The Insurance Act 2015 and Enterprise Act 2016 comes into force from 12 August 2016. Key elements are:
• Introducing a duty of fair presentation of risk for the insured, with clearer guidelines.
• Outlining the remedies available in the event of a fraudulent claim.
• Restricting the use of Warranties by insurers to invalidate cover.
The Enterprise Act 2016 was passed in May 2016. This inserts new provisions into the Insurance Act that will take effect from 4 May 2017. These will impose a duty on insurers to pay claims within a reasonable time, and make them potentially liable for any losses incurred as a result of any settlement that was unreasonably delayed.
The legislation is primarily aimed at issues in the commercial general insurance market. However, it applies to all non-consumer insurance, which includes employee benefit insurance where taken out by employers or pension trustees.

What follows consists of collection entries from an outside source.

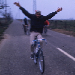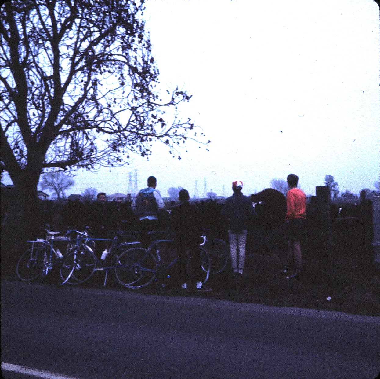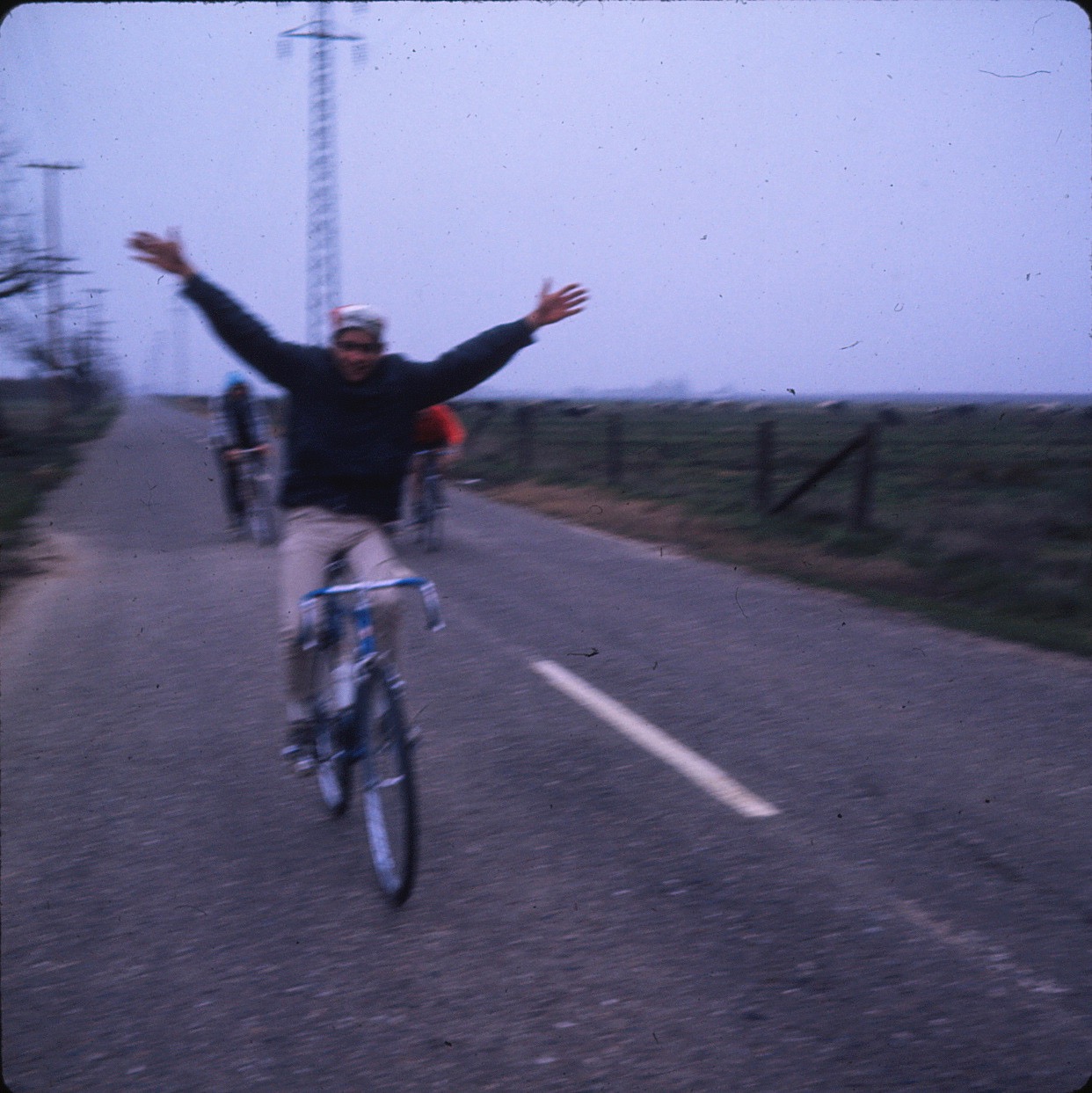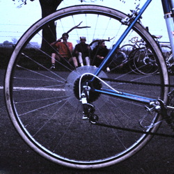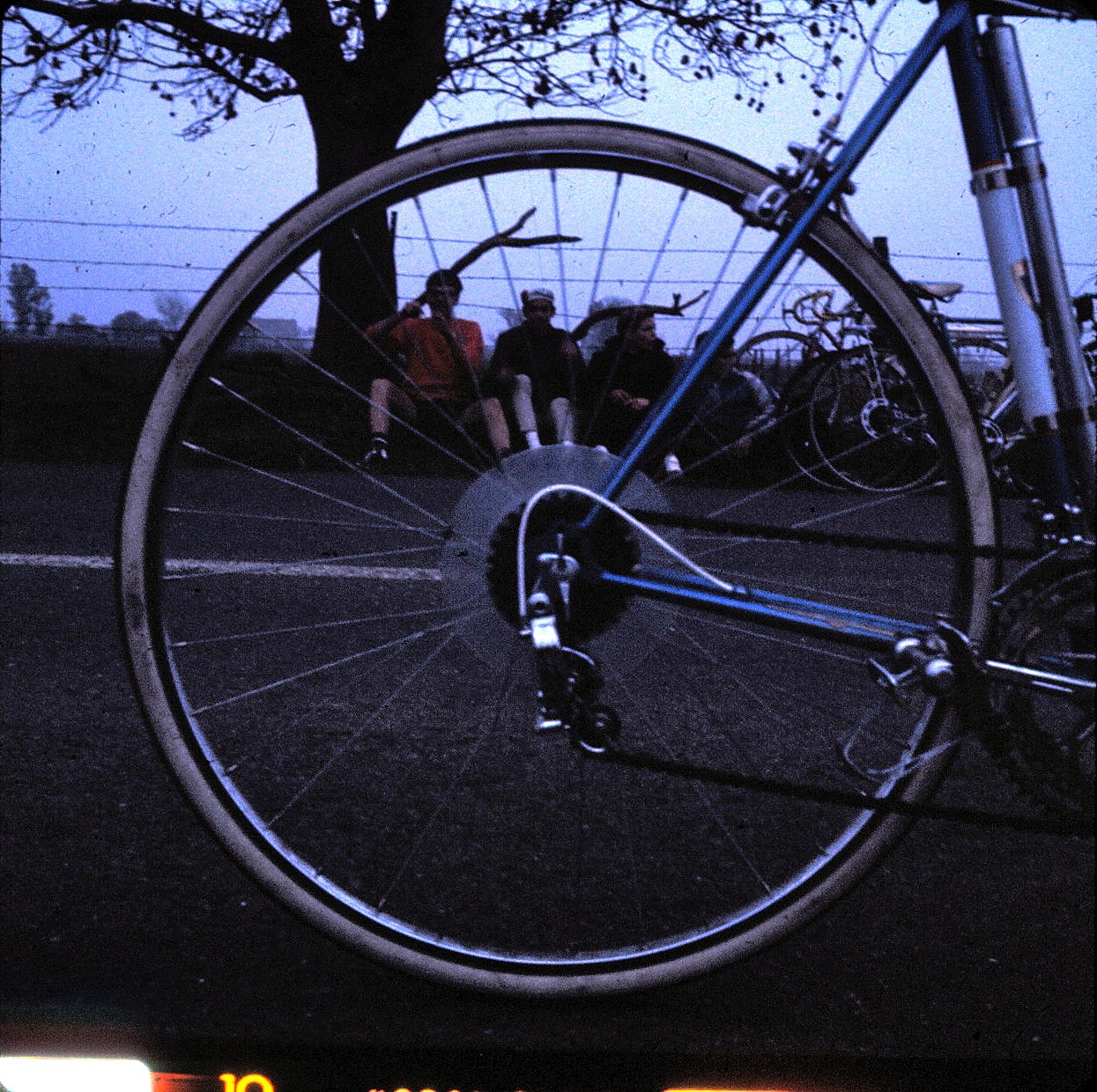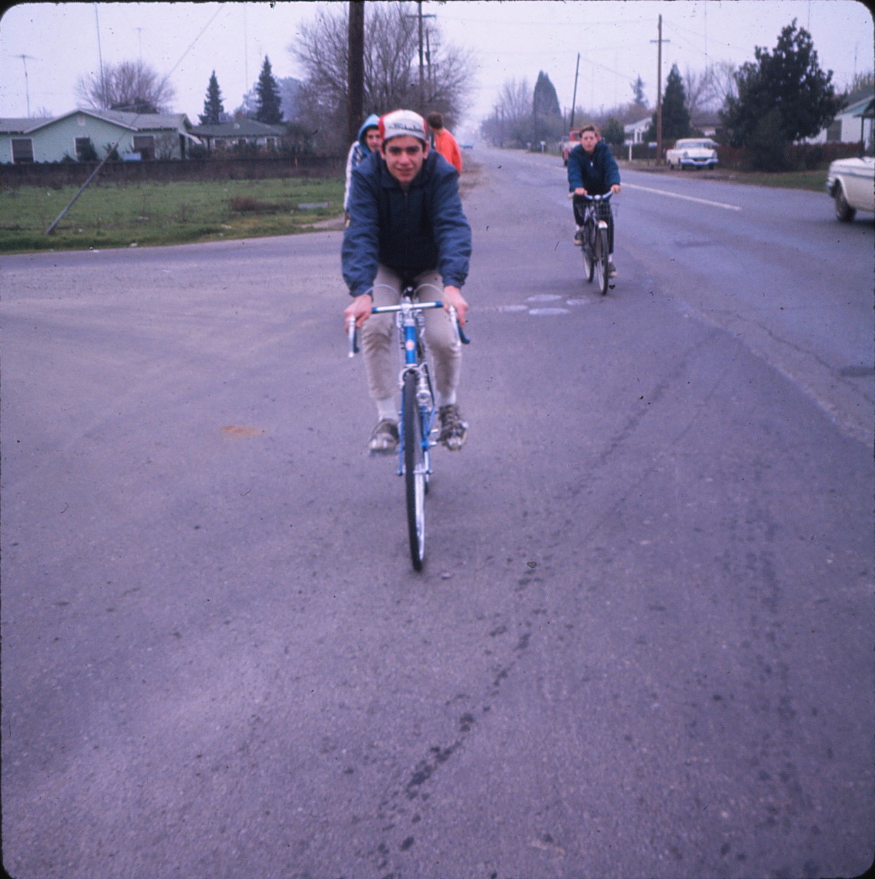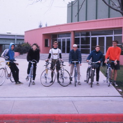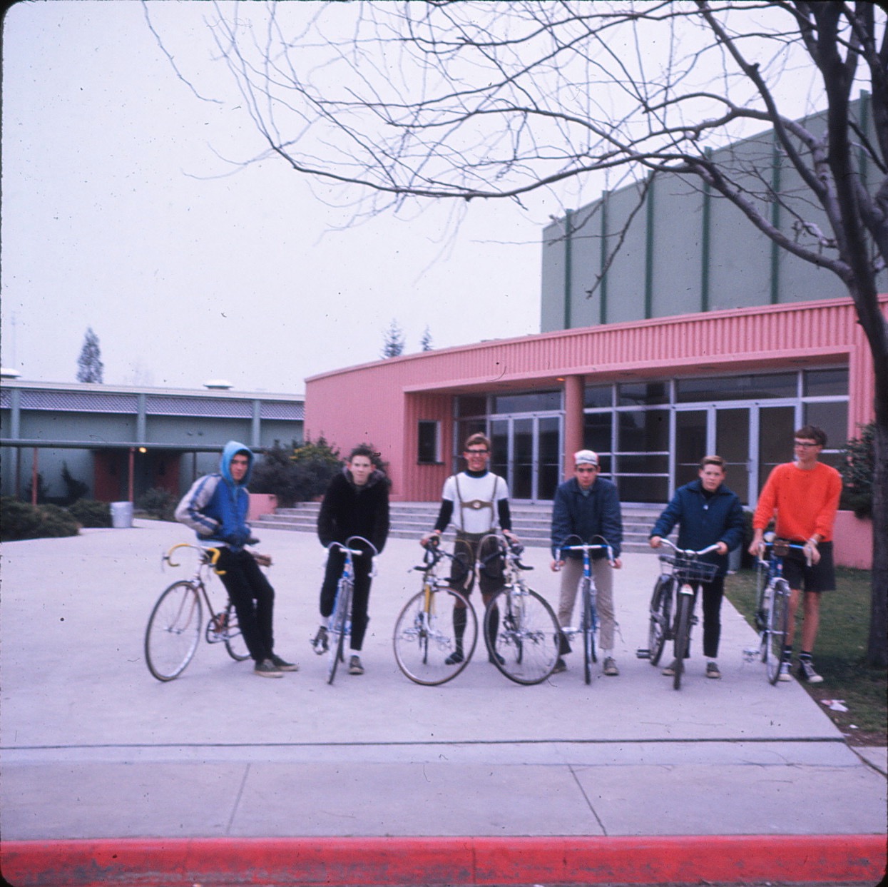 Unknown Rider, Unknown rider, Eldon Rosenow (holding both his Masi and my Peugeot), John Campopiano, Unknown Rider (on a balloon-tire bike), Fred Brockman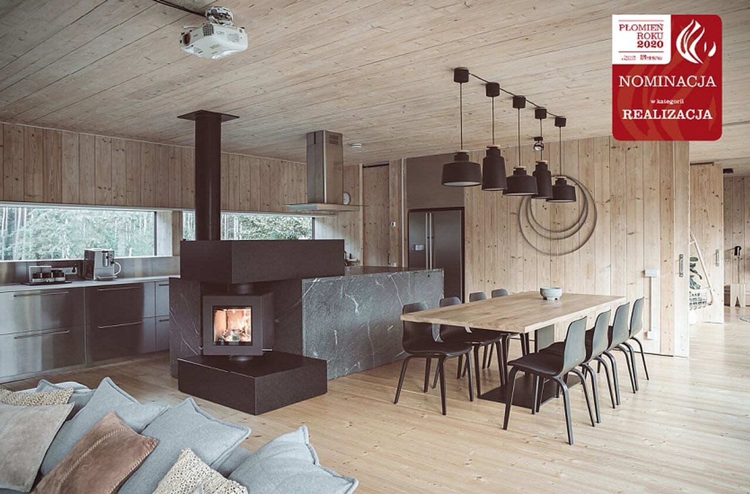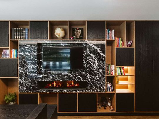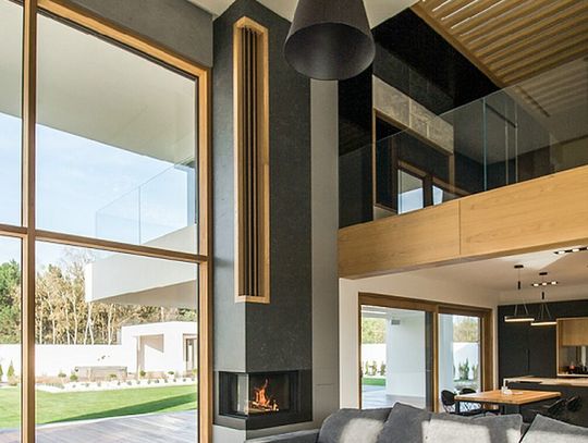 W realizacji wykorzystano narożny wkład kominkowy na drewno marki Brunner z automatyką sterującą, granit Premium Black polerowany oraz drewno opalane w technice shou sugi ban.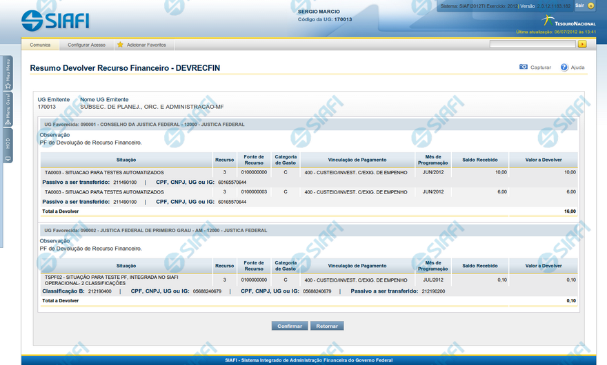 Confirmar - Clique nesta opção para iniciar o processo de contabilização da devolução dos recursos selecionados.

Canada Life does not expect any significant change to Group Risk insurance in practice, as insurers and intermediaries have operated in the manner expected by the Act.
In the Group Risk market, intermediaries have generally presented risk using clear specifications that satisfy the duty of fair presentation and we expect this to continue. There is a duty on the insured to undertake a reasonable search of information they have when preparing these.
It is worth noting this particular wording in the Act (emphasis added): “an individual’s knowledge includes not only actual knowledge, but also matters which the individual suspected, and of which the individual would have had knowledge but for deliberately refraining from confirming them or enquiring about them”.
The duty of fair presentation is met if the information puts a “prudent insurer” on notice that there are some material circumstances that might affect the risk. In these cases the insurer is likely to ask further questions or apply different terms.
Canada Life Group Insurance already follows the ABI guidelines on non-disclosure developed for individual consumers when considering claims. Provided that a client has not deliberately or recklessly misrepresented the risk, Canada Life will aim to put the client in the position that they would have been if they had disclosed the information.
The Insurance Act establishes a formula that sets out the minimum that must be paid if the premium has been underpaid due to a breach of the duty of fair presentation. This reduces the claim settlement in proportion to the underpaid premium.
However, in the Group Risk industry the claim value is typically very high compared to the extra premium. It has usually been the case that the insurer will accept an additional premium and pay the claim in full. Canada Life will continue to do this where it gives a better customer outcome.